親に遺言を書いてほしい——言い出せない子が、まず読む記事

親に遺言を書いてほしい——言い出せない子が、まず読む記事

親に遺言を書いてほしい——言い出せない子が、まず読む記事

「お父さんに遺言書を書いてほしいんですが、なかなか言い出せなくて……私だけで先生のところに相談しに行ってもいいですか?」——年に何件か、こういうご相談をいただきます。

「相続をおわりに。」司法書士の尾張です。

実は「遺言の相談に来ました」という方のお話を聞いていくと、ご自身の遺言ではなく、「親が動いてくれない。このままだと、親の相続で揉める気がする」というお子さんからのご相談、というケースがとても多いんです。
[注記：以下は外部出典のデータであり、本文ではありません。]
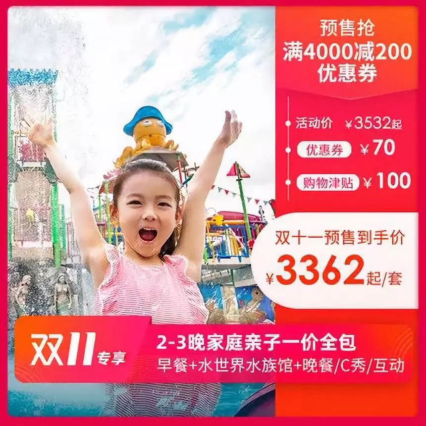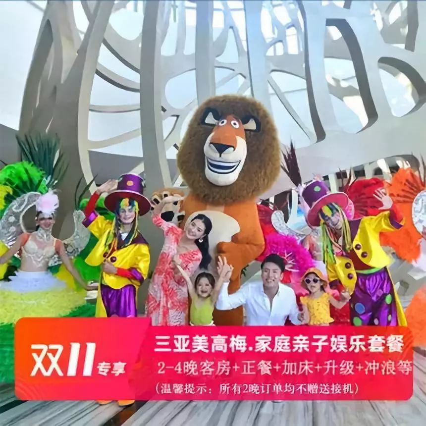 1599元2晚起含:2大2小早餐+正餐一次+儿童简餐1份+8小时看护+加床+冲浪或狮子玩偶+小火车或其他娱乐设施,提前预约还可以根据提前量来升级房型。剁手口令:

結論から言うと——相談自体はもちろん受けられます。でも、遺言書は親御さん本人の意思がなければ作れません。

この記事でわかること

  • 子だけで相談に行ってもいい?司法書士に何ができる?
  • 遺言書は、なぜ親本人にしか作れないの?
  • 「子の心配」と「親の本当の気持ち」はどう違う?
  • それでも子だけで来たら、何ができる?
  • 親に言い出せないとき、どうすればいい?

子だけで相談に来ても大丈夫——でも「できること・できないこと」がある

まず、お子さんだけで相談に来ていただくのは、まったく問題ありません。 当事務所でも、よくお受けしています。

そのうえで、できることとできないことを整理します。

できること:
– 今の状況をうかがって、「このまま親御さんの相続が起きたらどうなるか」を具体的に説明する
– たとえば相続人の一人が行方不明など、問題が見えているなら「放っておくとこうなる」「解決にはこういう手順が要る」と道筋を示す
– 遺言書・成年後見・家族信託など、取りうる手段の方向性を概説する

できないこと:
遺言書そのものを作ること。 これは親御さん本人がいないと、一歩も進みません。

お子さんに状況を説明すると、「じゃあ、それを親に伝えて相談してみます」とおっしゃる方がとても多いです。その気持ちはよく分かります。ただ、正直なところ——一度聞いた話を、正確に親御さんに伝えるのは、なかなか難しいのです。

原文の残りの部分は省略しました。